The First Nations Energy Alliance is a network of about 24 First Nations established in 2007 to encourage sustainable energy as an economic development strategy and to assist First Nations and Metis people in meeting their own energy needs [46,47]. The Alliance is partially funded by the Ontario Power Authority, which is responsible for implementing the GEA’s tariffs program. Through the Ontario Power Authority, the Ontario government has undertaken consultations with the First Nations Energy Alliance regarding the obligation to be respectful of Aboriginal territory and to forge partnerships. While many First Nations are generating renewable energy, for those First Nations in the planning process, two main challenges already been identified and are significant from the perspective of the politics of participation. The first barrier is the lack of access to Ontario’s energy grid. As Michael Fox, a founding Director of the First Nations Energy Alliance states:
Renewable energy policies in many European jurisdictions empower and obligate the local utility to connect projects to the grid and to facilitate projects by building grid capacity where it is needed. First Nations in Ontario need a Green Energy Act that allows communities to develop projects by ensuring grid access and capacity ([48], par. 11).
Second, the Ontario Power Authority uses a criteria points system to evaluate and shortlist green energy providers that are eligible for tariffs and supports. These criteria include: “environmental assessment, zoning, equipment, resource availability, proponent team and financial assessment” ([49], par. 20. Few First Nations groups have been able to meet these criteria. In April 2010, new Ontario Ministry funds (under the GEA to be administered by the Ontario Power Authority) were allocated to assist applicants under the Aboriginal Energy Partnerships Program (AEPP). This program has project requirements for eligibility including agreements in place to sell or transmit electricity [50].
Our preliminary analysis of components of the GEA suggests that priorizing economic growth in the GEA will result in social and environmental inequities as businesses, developers, and investors who have the benefit of access to upfront startup capital, time, expertise, and the knowledge to navigate the bureaucracy are privileged. The growing number of environmental non-governmental organizations who are advocating for and assisting community power groups and First Nations communities with gaining access to funding and the professional assistance needed to qualify for FIT contracts will in part help to address some of the apparent inequalities.
The green economy is another important objective of Ontario’s Green Energy Act. In the context of declining jobs in the manufacturing sector, green jobs are seen as a means to simultaneously foster economic development and fight climate change. Interest in green jobs and in the green economy are forging new partnerships between manufacturing unions and environmental nongovernmental organizations. Blue Green Canada, for example, brings together the United Steelworkers and Environmental Defense to encourage all levels of government in Canada to invest in green jobs, emphasizing in particular jobs in manufacturing, construction, and trades. In this regard, Blue Green appears to be responding to deindustrialization and restructuring in the global economy [51]. In May 2010, Blue Green Canada released a report that criticized the federal government’s investment in green jobs as weak relative to most other developed nations. Blue Green argues that Canada’s poor investment in green jobs is connected to the federal government’s attempt to protect its economic interest in the Alberta tar sands [51].

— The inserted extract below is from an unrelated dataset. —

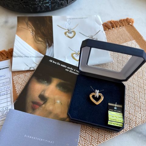 Gull anheng og øp m/ diamant uten kjede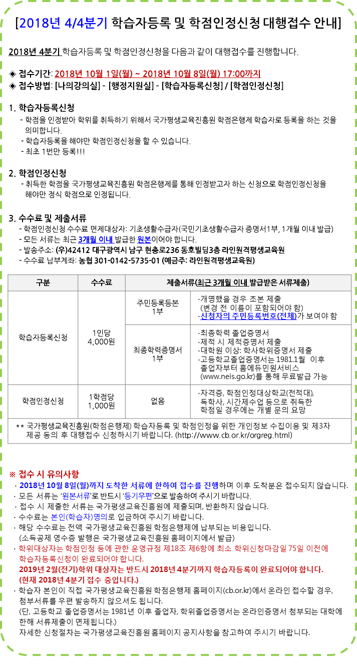 [Á¢¼ö¾È³»]2018³â 4ºÐ±â ÇнÀÀÚµî·Ï ¹× ÇÐÁ¡ÀÎÁ¤½Åû ´ëÇàÁ¢¼ö ¾È³»

In a study commissioned by public and private stakeholder organizations that support the Green Energy Act (the Green Energy Act Alliance, Blue Green Canada, and the World WildLife Fund), Pollin and Garrett-Peltier [52] used Ontario, Canada, and US data to estimate the number of jobs that will be created with Ontario’s Green Energy Act. They examined three areas of job creation: direct effects (e.g., energy conservation management); indirect effects (e.g., suppliers such as the steel industry); and, induced effects (employment generated through goods and services that people employed in the first two categories would purchase). The authors suggest that the Green Energy Act will create 90,000 jobs in Ontario over 10 years, and that the majority of these jobs will offer ‘decent pay’ of over $20 per hour ([52], p. 6). However, they acknowledge that a significant minority will be low paying jobs in the construction and farming industries. It is noteworthy that, on account of Canada’s immigration policies, many newcomers to Canada would be overqualified for such jobs and therefore not beneficiaries of this new green job creation.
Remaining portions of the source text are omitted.